Repeat only the lines below that run from the line with "国道39号、大通り東4丁目交差点から左の仁頃通り側" to the line with "Начерти две окружности, имеющие", ends included; skip every picture.

··· MATERIAL PROVIDED ···

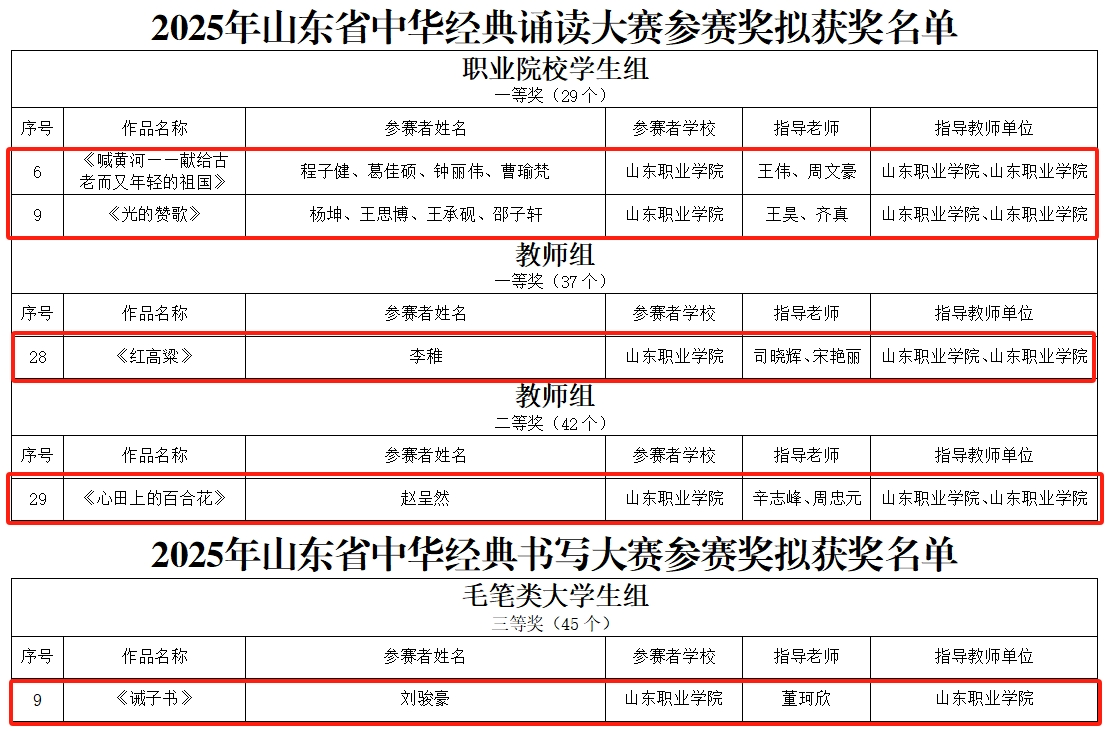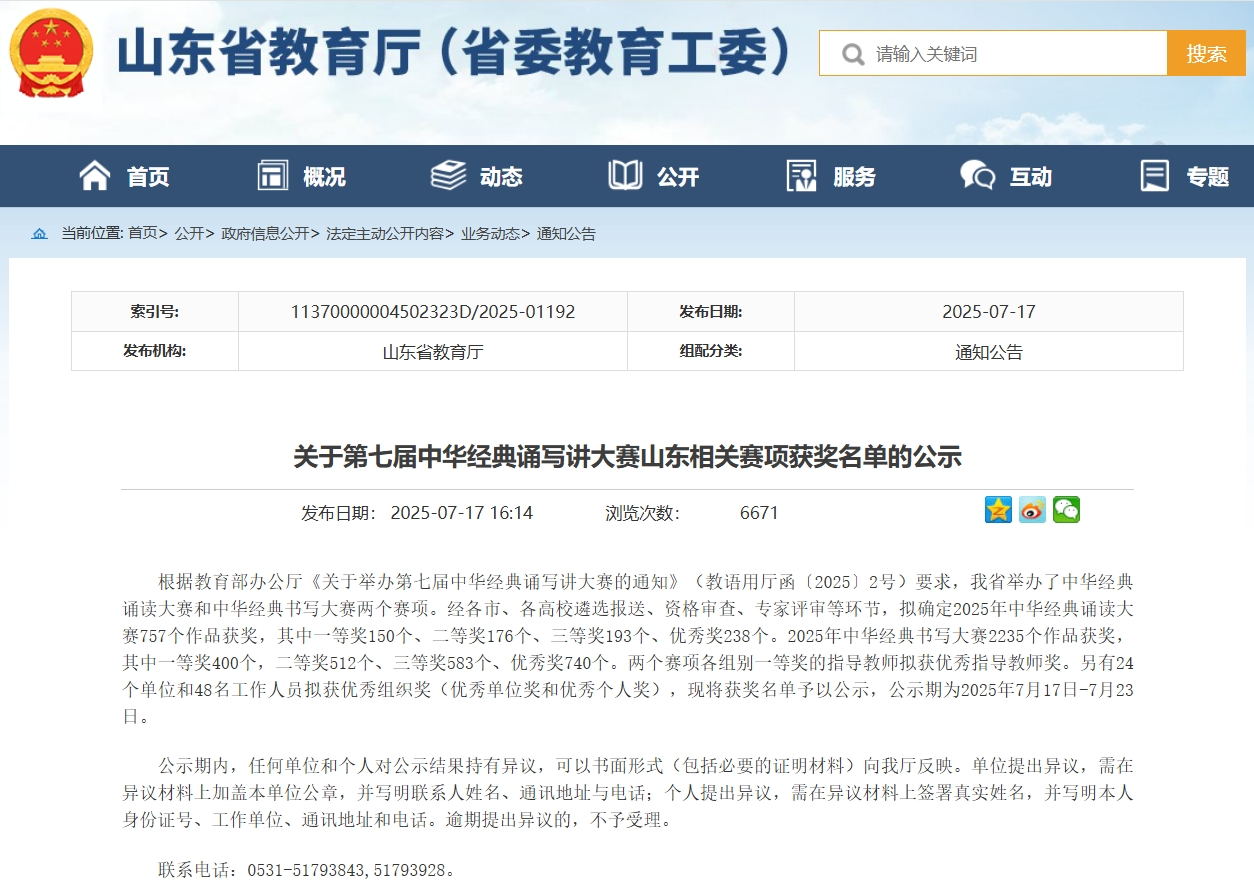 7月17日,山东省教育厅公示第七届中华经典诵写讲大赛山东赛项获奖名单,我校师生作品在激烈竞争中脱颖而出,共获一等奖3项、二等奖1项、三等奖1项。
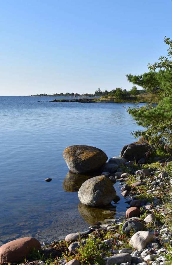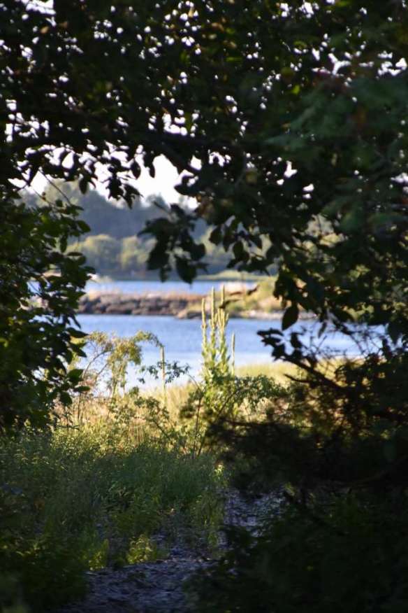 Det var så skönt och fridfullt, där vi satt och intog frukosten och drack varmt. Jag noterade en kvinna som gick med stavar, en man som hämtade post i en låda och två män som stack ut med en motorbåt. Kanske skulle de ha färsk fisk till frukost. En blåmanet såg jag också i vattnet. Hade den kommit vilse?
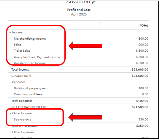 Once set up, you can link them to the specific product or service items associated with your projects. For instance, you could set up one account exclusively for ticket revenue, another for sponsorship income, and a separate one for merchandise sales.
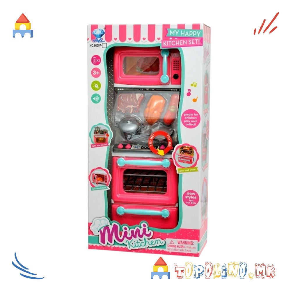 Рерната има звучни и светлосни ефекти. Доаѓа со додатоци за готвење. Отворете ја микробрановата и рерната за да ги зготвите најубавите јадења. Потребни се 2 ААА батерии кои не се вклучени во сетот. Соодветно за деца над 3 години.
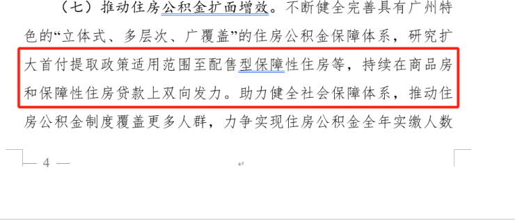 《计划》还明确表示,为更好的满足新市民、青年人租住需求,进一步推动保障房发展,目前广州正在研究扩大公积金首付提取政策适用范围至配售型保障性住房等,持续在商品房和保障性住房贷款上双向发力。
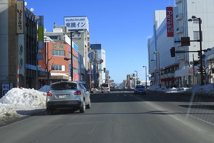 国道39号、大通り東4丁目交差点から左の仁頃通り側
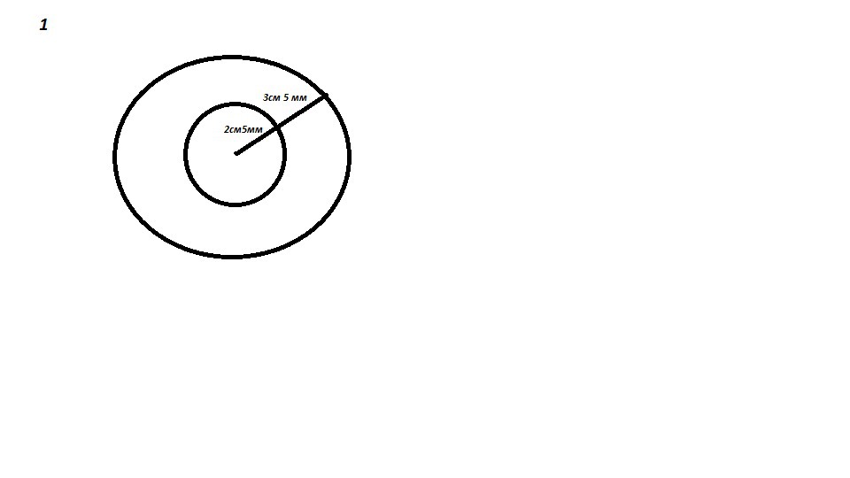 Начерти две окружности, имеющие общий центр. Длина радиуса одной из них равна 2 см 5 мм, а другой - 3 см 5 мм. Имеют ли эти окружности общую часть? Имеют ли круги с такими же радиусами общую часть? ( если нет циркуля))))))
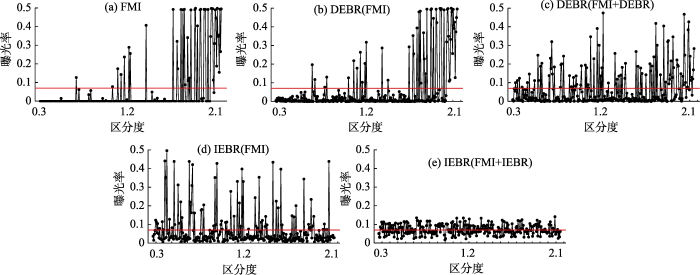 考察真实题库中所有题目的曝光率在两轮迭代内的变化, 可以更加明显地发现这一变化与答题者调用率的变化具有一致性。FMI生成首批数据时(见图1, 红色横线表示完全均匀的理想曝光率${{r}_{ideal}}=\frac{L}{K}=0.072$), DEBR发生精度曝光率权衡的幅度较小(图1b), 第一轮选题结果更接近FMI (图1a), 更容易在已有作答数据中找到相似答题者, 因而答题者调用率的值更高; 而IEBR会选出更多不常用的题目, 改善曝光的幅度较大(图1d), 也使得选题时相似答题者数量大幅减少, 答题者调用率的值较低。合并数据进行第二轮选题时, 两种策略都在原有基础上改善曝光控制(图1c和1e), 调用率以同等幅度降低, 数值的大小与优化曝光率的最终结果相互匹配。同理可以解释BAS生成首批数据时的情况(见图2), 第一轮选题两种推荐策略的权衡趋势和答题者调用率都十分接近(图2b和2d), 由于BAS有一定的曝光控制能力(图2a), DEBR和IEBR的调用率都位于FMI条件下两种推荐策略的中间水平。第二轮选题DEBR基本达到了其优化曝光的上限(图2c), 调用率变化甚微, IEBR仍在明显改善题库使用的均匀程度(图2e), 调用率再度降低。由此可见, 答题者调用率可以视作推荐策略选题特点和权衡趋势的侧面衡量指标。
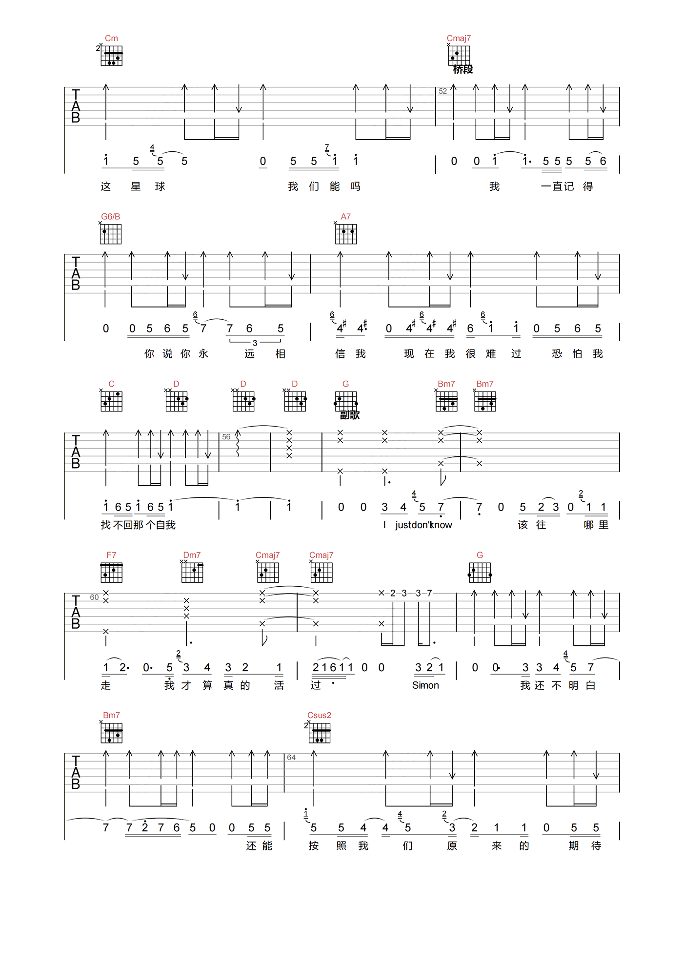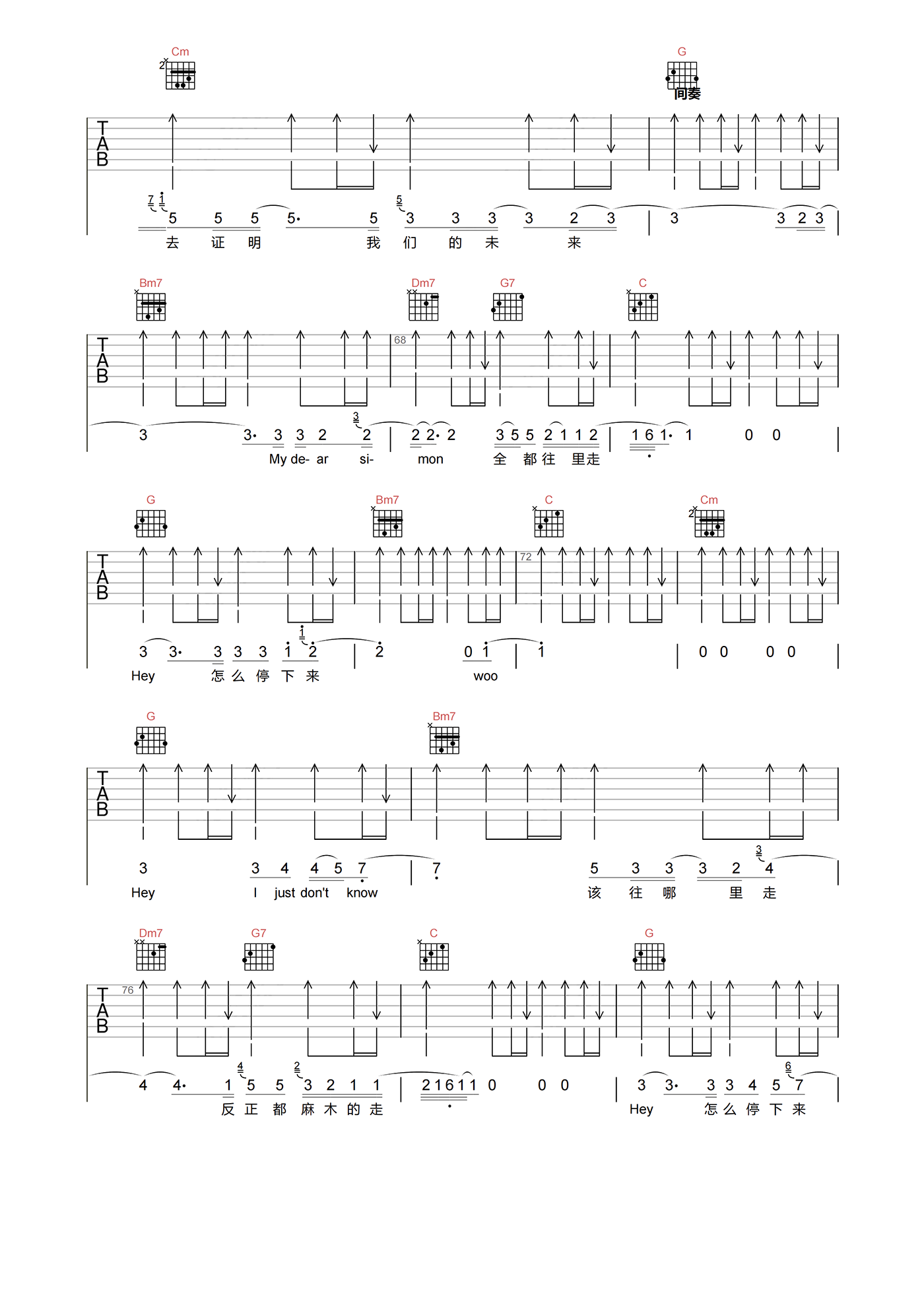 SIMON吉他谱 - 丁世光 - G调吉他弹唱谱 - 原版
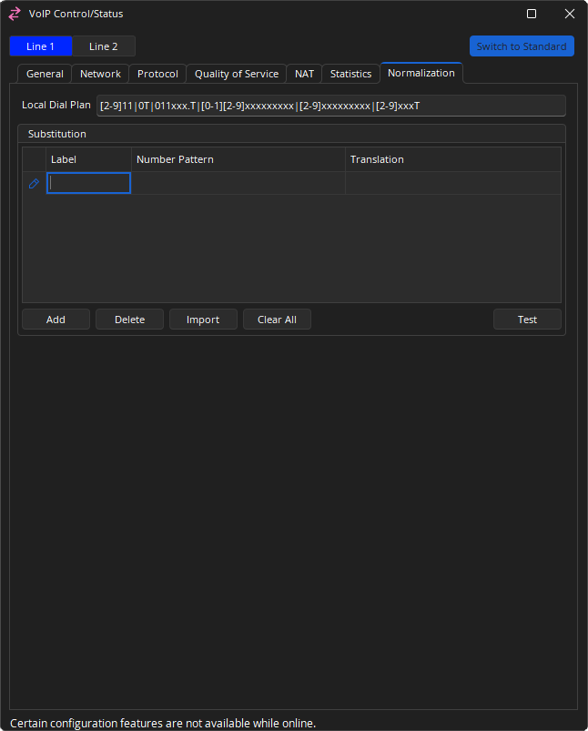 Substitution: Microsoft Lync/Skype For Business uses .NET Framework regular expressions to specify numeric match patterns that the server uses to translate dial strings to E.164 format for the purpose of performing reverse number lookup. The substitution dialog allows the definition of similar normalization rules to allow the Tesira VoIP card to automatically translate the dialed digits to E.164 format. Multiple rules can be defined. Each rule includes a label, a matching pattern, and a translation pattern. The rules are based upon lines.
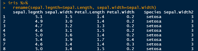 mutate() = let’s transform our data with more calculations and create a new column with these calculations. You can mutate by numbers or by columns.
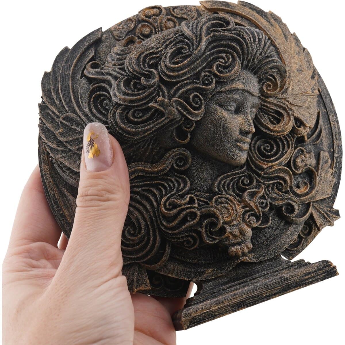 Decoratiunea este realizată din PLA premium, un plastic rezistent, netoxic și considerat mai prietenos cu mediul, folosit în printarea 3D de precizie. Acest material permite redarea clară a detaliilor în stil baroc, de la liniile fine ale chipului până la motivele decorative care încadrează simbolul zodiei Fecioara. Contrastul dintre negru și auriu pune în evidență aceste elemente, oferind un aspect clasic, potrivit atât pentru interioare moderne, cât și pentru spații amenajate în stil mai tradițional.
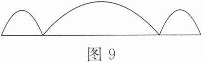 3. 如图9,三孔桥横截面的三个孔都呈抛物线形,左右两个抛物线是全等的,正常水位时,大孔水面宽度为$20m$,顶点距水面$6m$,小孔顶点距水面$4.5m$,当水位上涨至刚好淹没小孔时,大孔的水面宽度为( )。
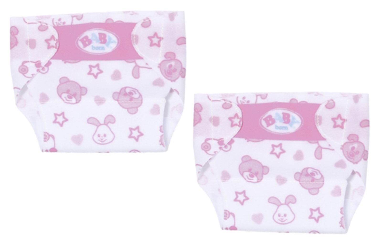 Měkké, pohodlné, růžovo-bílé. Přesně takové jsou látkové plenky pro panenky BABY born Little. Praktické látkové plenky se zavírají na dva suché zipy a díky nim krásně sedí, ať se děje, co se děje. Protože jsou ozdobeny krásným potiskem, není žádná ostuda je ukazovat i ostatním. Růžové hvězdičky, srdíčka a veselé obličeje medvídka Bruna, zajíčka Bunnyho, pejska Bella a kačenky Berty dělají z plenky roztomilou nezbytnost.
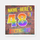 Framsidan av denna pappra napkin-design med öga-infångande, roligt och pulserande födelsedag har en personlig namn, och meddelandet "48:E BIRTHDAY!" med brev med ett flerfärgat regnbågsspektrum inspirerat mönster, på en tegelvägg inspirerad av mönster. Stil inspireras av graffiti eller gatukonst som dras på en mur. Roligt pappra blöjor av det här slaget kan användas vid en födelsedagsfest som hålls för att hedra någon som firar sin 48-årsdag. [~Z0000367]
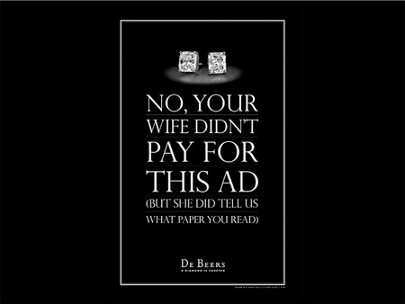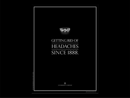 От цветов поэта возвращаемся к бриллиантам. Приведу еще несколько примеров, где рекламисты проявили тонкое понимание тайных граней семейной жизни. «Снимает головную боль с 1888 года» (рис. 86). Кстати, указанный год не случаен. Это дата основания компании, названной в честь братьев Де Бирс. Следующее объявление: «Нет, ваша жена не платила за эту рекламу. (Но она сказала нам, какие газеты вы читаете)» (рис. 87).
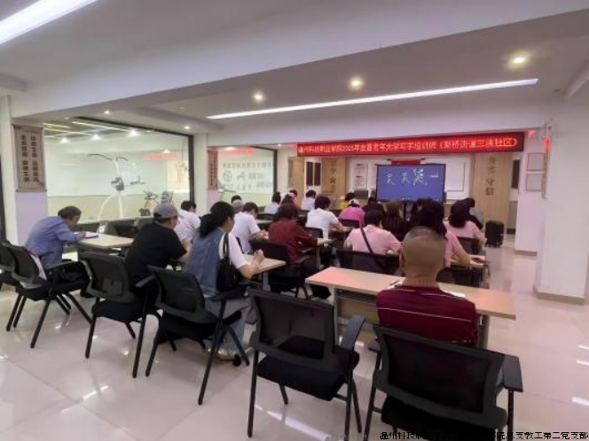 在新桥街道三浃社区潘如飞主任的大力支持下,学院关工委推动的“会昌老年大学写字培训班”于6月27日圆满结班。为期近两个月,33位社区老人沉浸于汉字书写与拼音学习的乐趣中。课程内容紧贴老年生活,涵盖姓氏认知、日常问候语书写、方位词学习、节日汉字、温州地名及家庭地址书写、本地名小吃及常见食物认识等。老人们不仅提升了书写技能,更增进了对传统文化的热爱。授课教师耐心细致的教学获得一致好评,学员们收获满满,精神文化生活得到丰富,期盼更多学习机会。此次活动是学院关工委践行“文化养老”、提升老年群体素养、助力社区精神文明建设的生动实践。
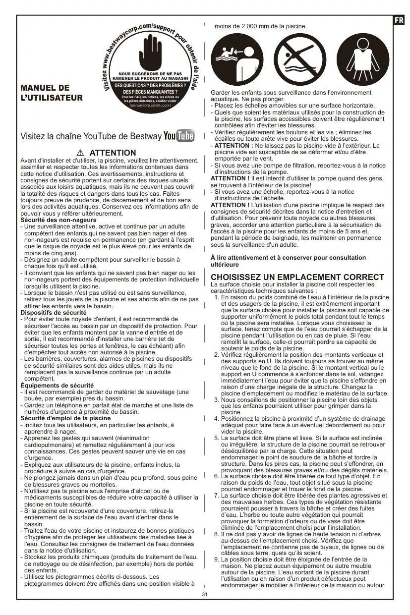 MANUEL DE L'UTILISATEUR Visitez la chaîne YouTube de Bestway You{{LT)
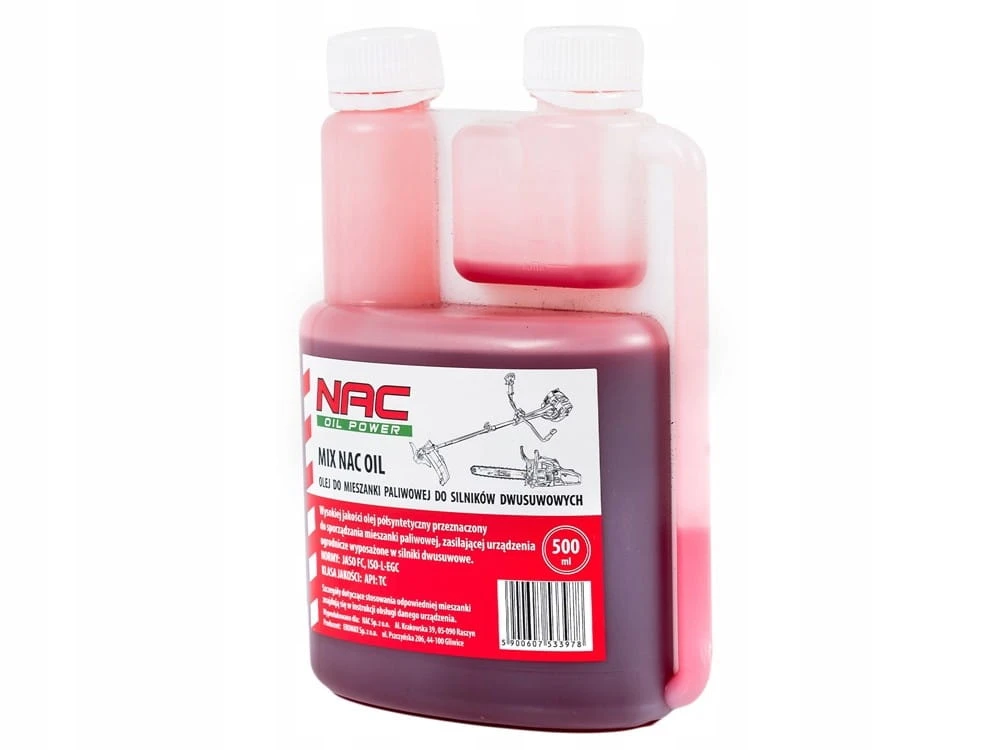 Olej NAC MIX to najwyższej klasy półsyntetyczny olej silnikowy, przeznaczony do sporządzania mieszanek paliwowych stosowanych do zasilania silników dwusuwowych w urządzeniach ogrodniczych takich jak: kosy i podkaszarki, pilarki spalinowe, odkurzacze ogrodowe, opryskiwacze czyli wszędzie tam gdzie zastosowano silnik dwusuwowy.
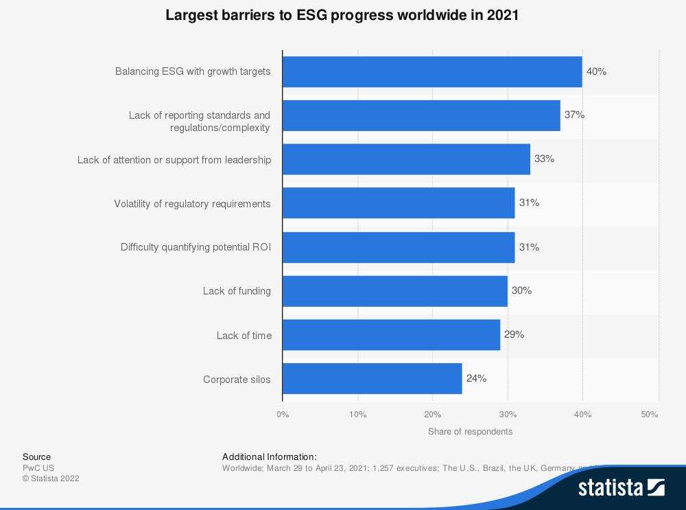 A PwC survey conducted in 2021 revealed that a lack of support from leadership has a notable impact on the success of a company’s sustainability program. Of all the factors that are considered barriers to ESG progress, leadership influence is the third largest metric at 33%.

···

* [WRITTEN ANSWER]:
 国道39号、大通り東4丁目交差点から左の仁頃通り側
 Начерти две окружности, имеющие общий центр. Длина радиуса одной из них равна 2 см 5 мм, а другой - 3 см 5 мм. Имеют ли эти окружности общую часть? Имеют ли круги с такими же радиусами общую часть? ( если нет циркуля))))))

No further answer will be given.